The OpenSSH server provides configuration options to control key authentication. While there's no direct "require passphrase" setting, we can implement workarounds:

# /etc/ssh/sshd_config
PasswordAuthentication no
PubkeyAuthentication yes
AuthenticationMethods publickey

To ensure users generate keys with passphrases, implement organizational policies for key creation:

# Force passphrase during generation
ssh-keygen -t ed25519 -a 100 -f ~/.ssh/id_ed25519

The -a flag increases KDF rounds, making brute-force attacks more difficult.
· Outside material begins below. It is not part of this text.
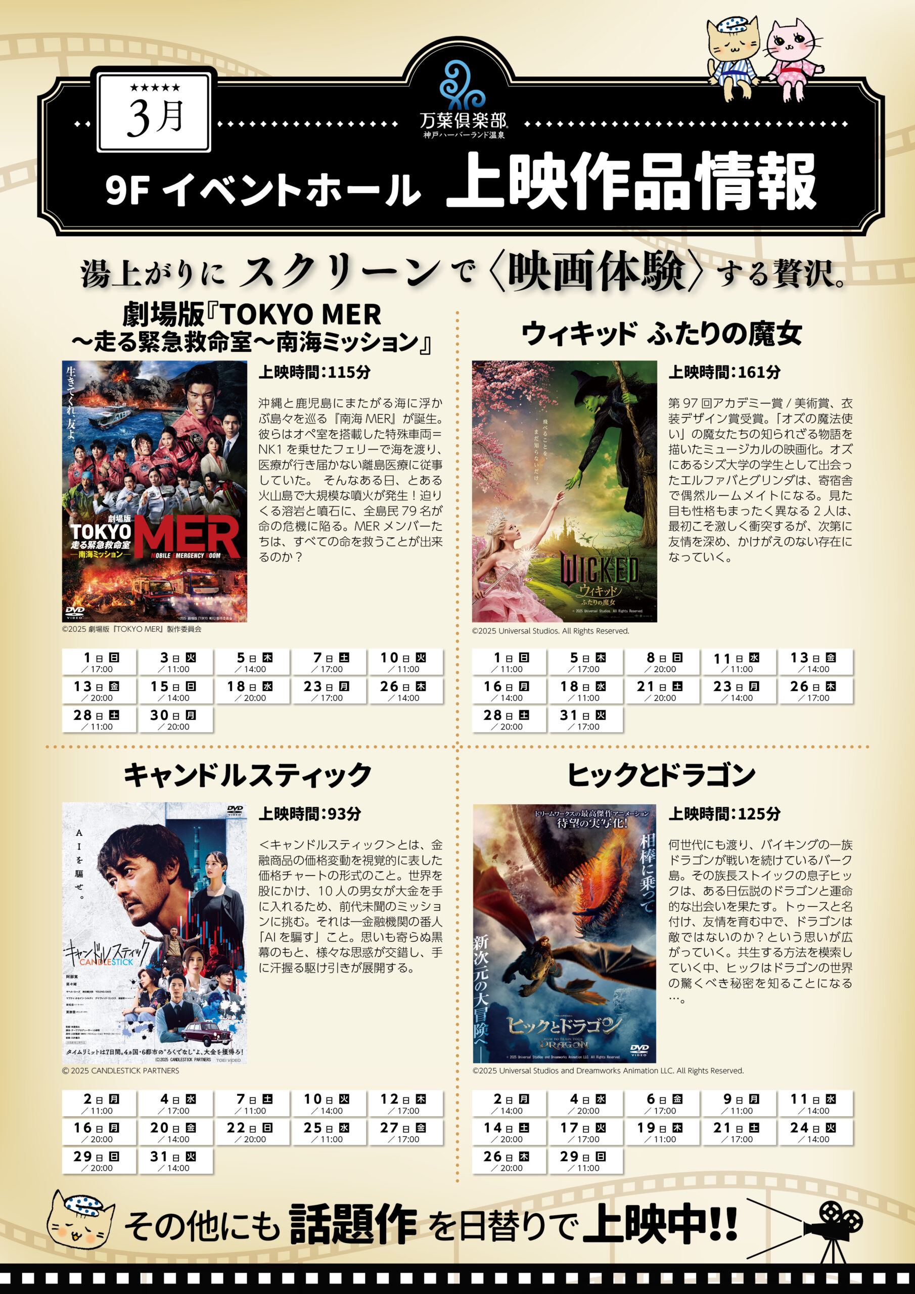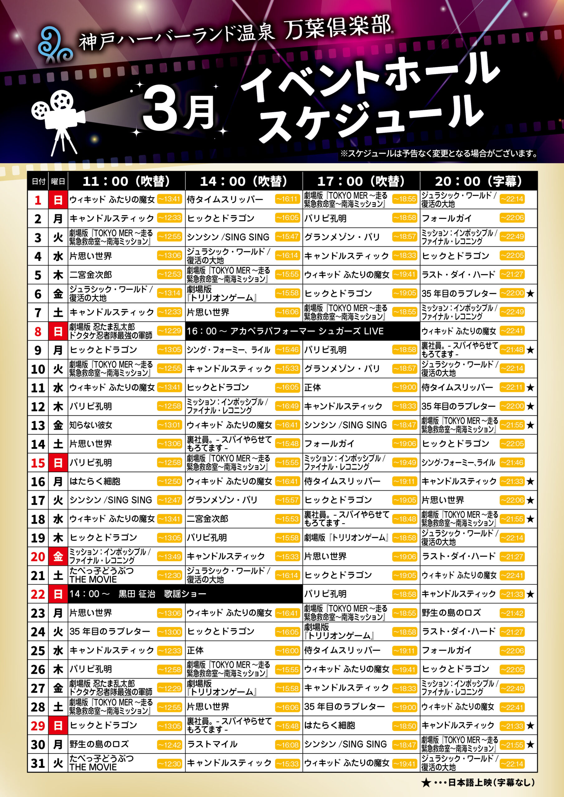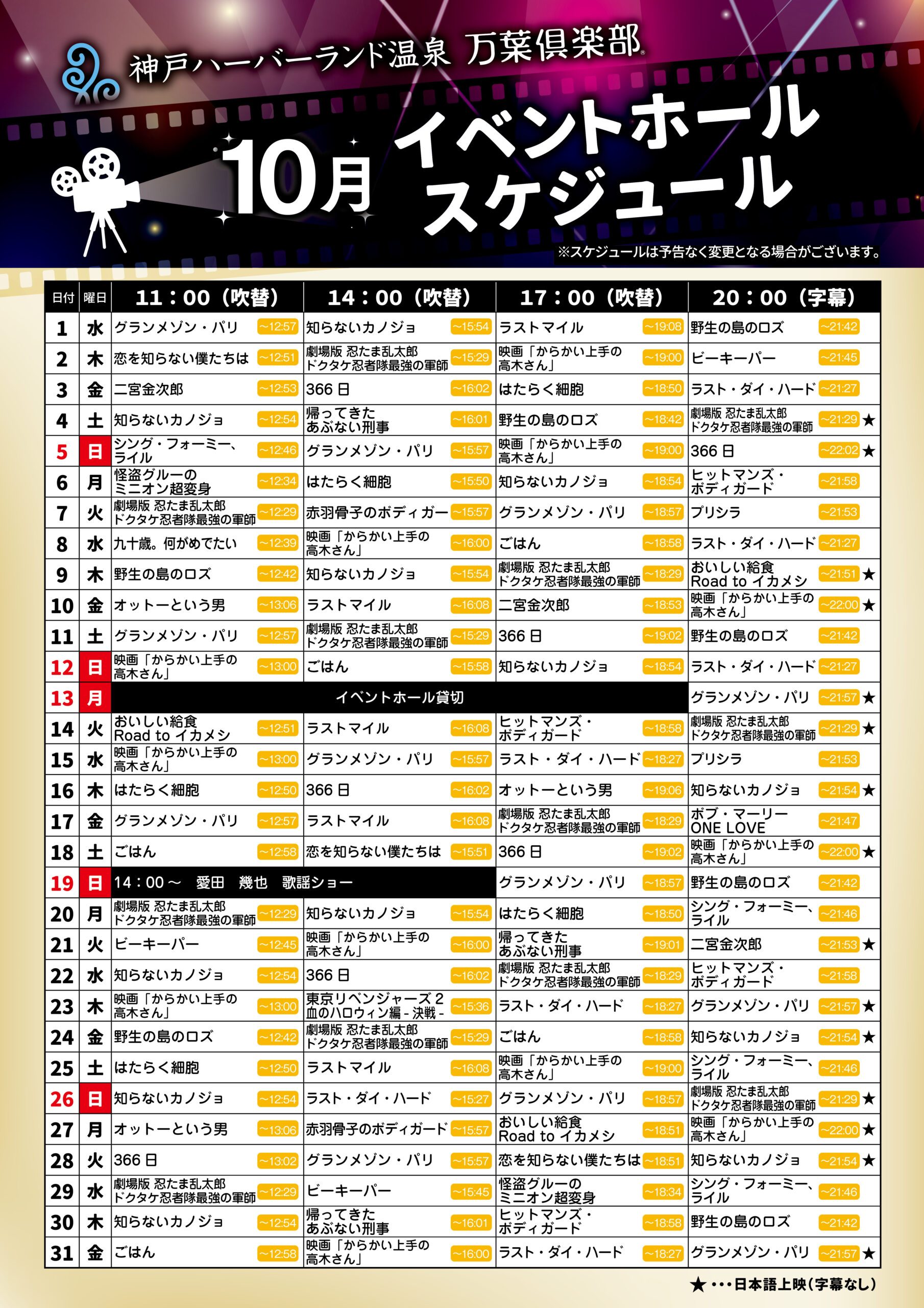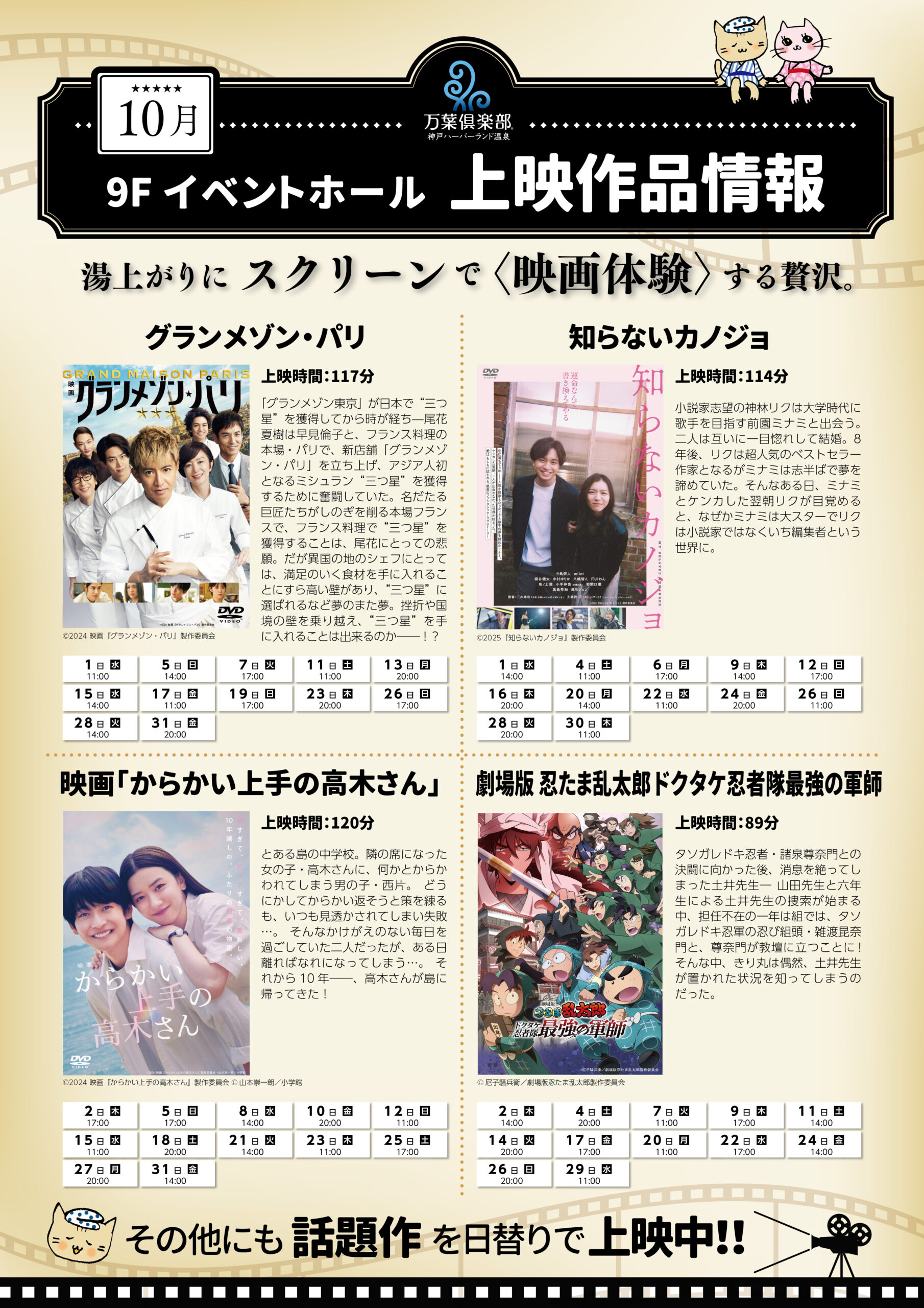 湯上がりに映画を観る贅沢。歌謡ショーや漫才など様々なイベントを毎日実施中。

For enterprises, consider these robust alternatives:

SSH Certificate Authority

Implement an SSH CA to sign user keys with expiration dates:

# CA signs user key (valid for 30 days)
ssh-keygen -s ca_key -I user_identity -n username -V +30d user_key.pub

Commercial SSH Management Tools

• Teleport (open source & commercial)
• Hashicorp Boundary
• Smallstep SSH certificates

This bash script checks for passphrase-protected keys in authorized_keys:

#!/bin/bash
for key in $(cut -d' ' -f2 ~/.ssh/authorized_keys | sort -u); do
    if grep -q "ENCRYPTED" <(ssh-keygen -P "" -y -f <(echo "ssh-rsa $key")); then
        echo "VALID: Key $key has passphrase protection"
    else
        echo "INVALID: Key $key lacks passphrase - removing"
        sed -i "/$key/d" ~/.ssh/authorized_keys
    fi
done

Implement regular audits of SSH keys in your environment:

# Find passwordless private keys
find /home -name "id_*" ! -name "*.pub" -exec ssh-keygen -y -P "" -f {} \; 2>&1 | grep "incorrect passphrase"

For maximum security, combine SSH keys with second factors:

# Google Authenticator PAM setup
auth required pam_google_authenticator.so
auth required pam_sss.so use_first_pass